§ **WORK TO COMPLETE**:
The output is the line containing "2024年8月4日,第22屆" plus every later line down to the end of the listing below, copied exactly. No pictures belong in it.

§ **DATA BELOW**:

== Segment start ==

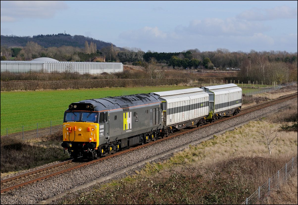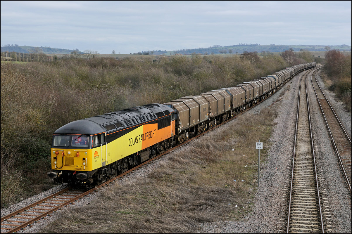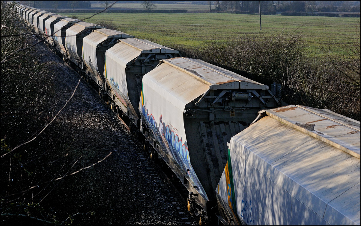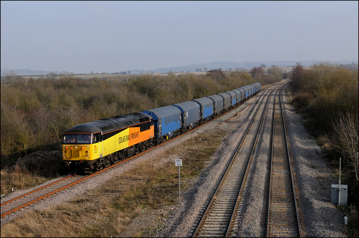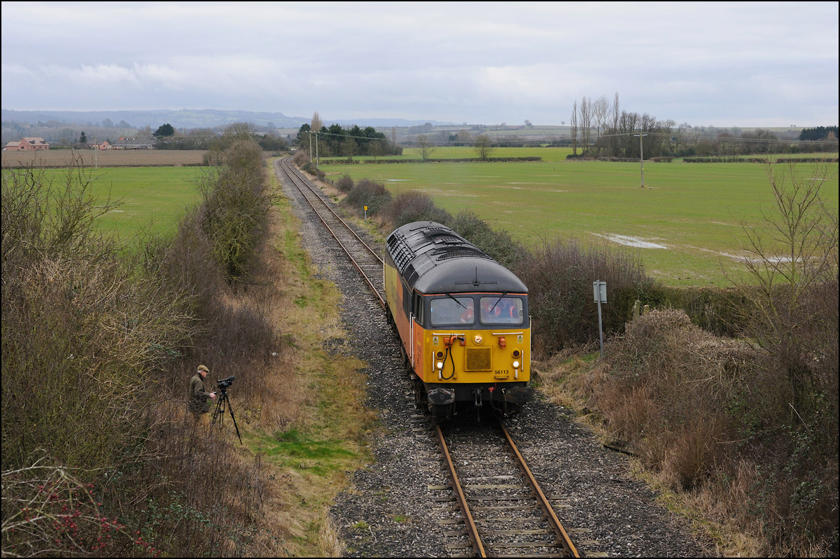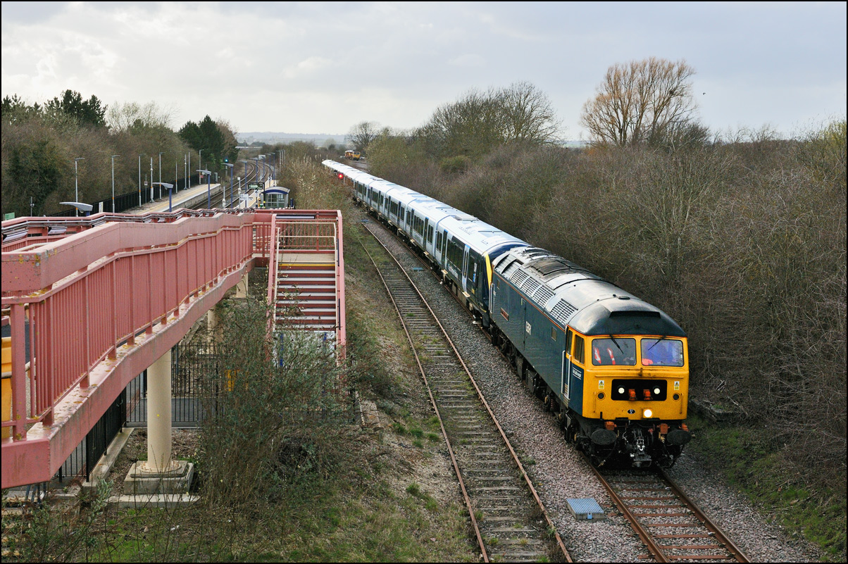 It was perhaps inevitable that one of the 3 trains either going to or from Long Marston on Friday 3 January 2025 wouldn't run on time. The third train, 5Q87 12:34 Long Marston to Reading West Junction (for later transit to Wimbledon), with 701013 being hauled by 47727 left Long Marston about 70 minutes late after some angst for the 3 of us waiting for it near Bretforton about whether it would actually move at all. Shadows were beginning to be a bit of an issue so it was a relief when a yellow end finally appeared in the distance shortly after crossing over from the Long Marston branch. I don't often use a long lens for railway photography but thought that the compressed perspective and out-of-focus foreground would work well, especially as the driver opened up as he approached. |
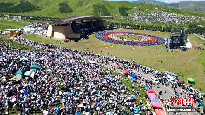 2024年8月4日,第22屆九色甘南香巴拉旅游藝術(shù)節(jié)在甘肅省甘南藏族自治州當(dāng)周草原開幕。圖為開幕式現(xiàn)場(chǎng)鍋莊舞表演。(資料圖)九美旦增 攝
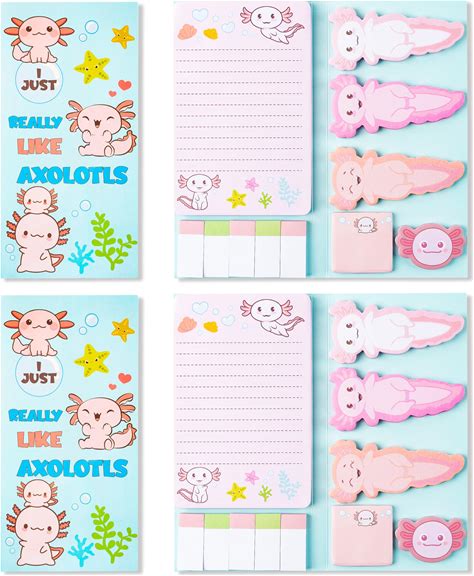 Xqumoi I Just Really Like Axolotl Sticky Notes Set, 550 Sheets, Animal Mexican Walking Fish Shaped Self-Stick Notes Pads Divider Tabs Bundle Writing

== Segment end ==

§ **WRITTEN SOLUTION**:
 2024年8月4日,第22屆九色甘南香巴拉旅游藝術(shù)節(jié)在甘肅省甘南藏族自治州當(dāng)周草原開幕。圖為開幕式現(xiàn)場(chǎng)鍋莊舞表演。(資料圖)九美旦增 攝
 Xqumoi I Just Really Like Axolotl Sticky Notes Set, 550 Sheets, Animal Mexican Walking Fish Shaped Self-Stick Notes Pads Divider Tabs Bundle Writing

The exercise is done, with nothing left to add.